Sunday, October 26, 2014

31 Days to Less Clutter and More Peace: Decluttering and Organizing Games

Yesterday I decided to go through all of our games. We enjoy games, but last year I got rid of about half of them because they were taking up room and not actually being played. Ever.

This is what electronics has done to us.

Anyway, I store them in a hutch in the dining room. My current dining room is too small for me to get a good photo of the entire thing, but here is one I found from our last house.

I have always stored all of the board games/puzzles/card games in the cupboards of the hutch. It is practical, because we usually play them at the dining room table, and I didn't have enough dishes to bother storing in it.

However, it was stuffed to the gills. That's why I got rid of so many last year. Even with fewer games, they were still a little out of control and I was not a fan of where they were being stored. And, I may or may not have a dish problem in the kitchen now, so I was thinking that it might be a good idea to make some extra room in the hutch.

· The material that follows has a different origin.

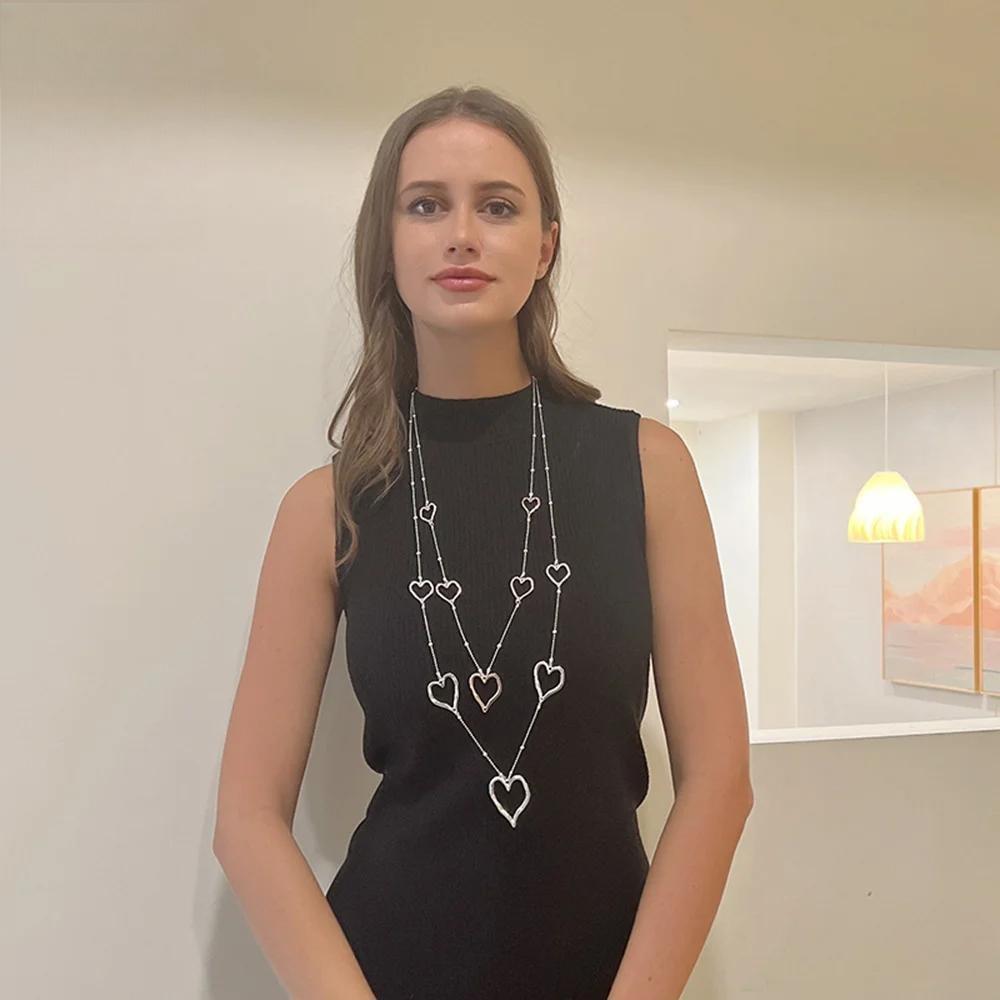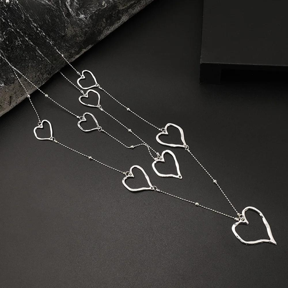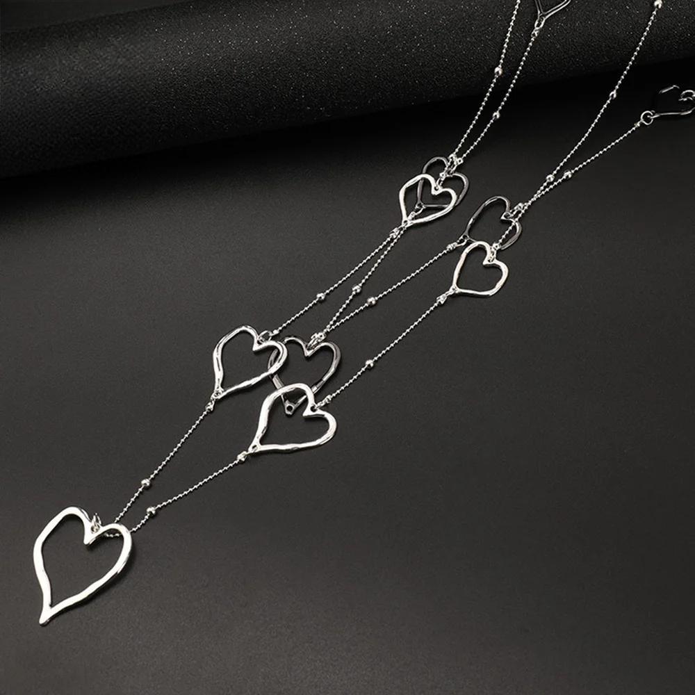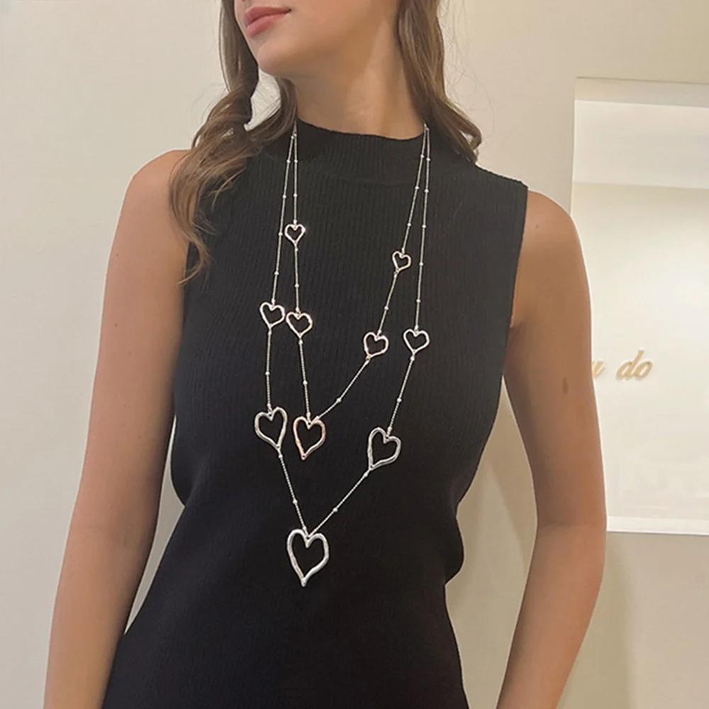 Trending Sweet Heart Long Collares Chains Necklace Geometric New in Pendants Jewelry for Women Gothic Suspension Valentines Day

This is what it looked like:

Kind of a mess.

The girls have a hard time getting things back in the cupboard in an orderly manner. Also, many of the games are old and the boxes are breaking. If you look really carefully, you can probably also tell that in my less weeding out of the games, I actually did put a few dishes into the hutch. Which made it harder for the girls to get the games in and out.

I pulled all of the games out.

I found out that Monopoly was missing its board. I looked up in the playroom and anywhere else I thought it could possibly be. No dice, er, board. Hmm. Kind of a strange thing to go missing, but oh well, this is one game you definitely can't play sans board. Buh-bye Monopoly! (I hate that game anyway.)

I also decided to get rid of Cranium and a couple card games we never play.

I then put all the card games together (they are always in such disarray). We have a high boy in the dining room as well, and the top drawer used to hold all of our electronics chargers before we made our charging station. That top drawer has since morphed into a junk drawer, as drawers without a specific job are wont to do. So, I decided to give it the new and improved job of holding card games and a few of our other smaller games like Bananagrams, Pass the Pigs,  and Tenzi.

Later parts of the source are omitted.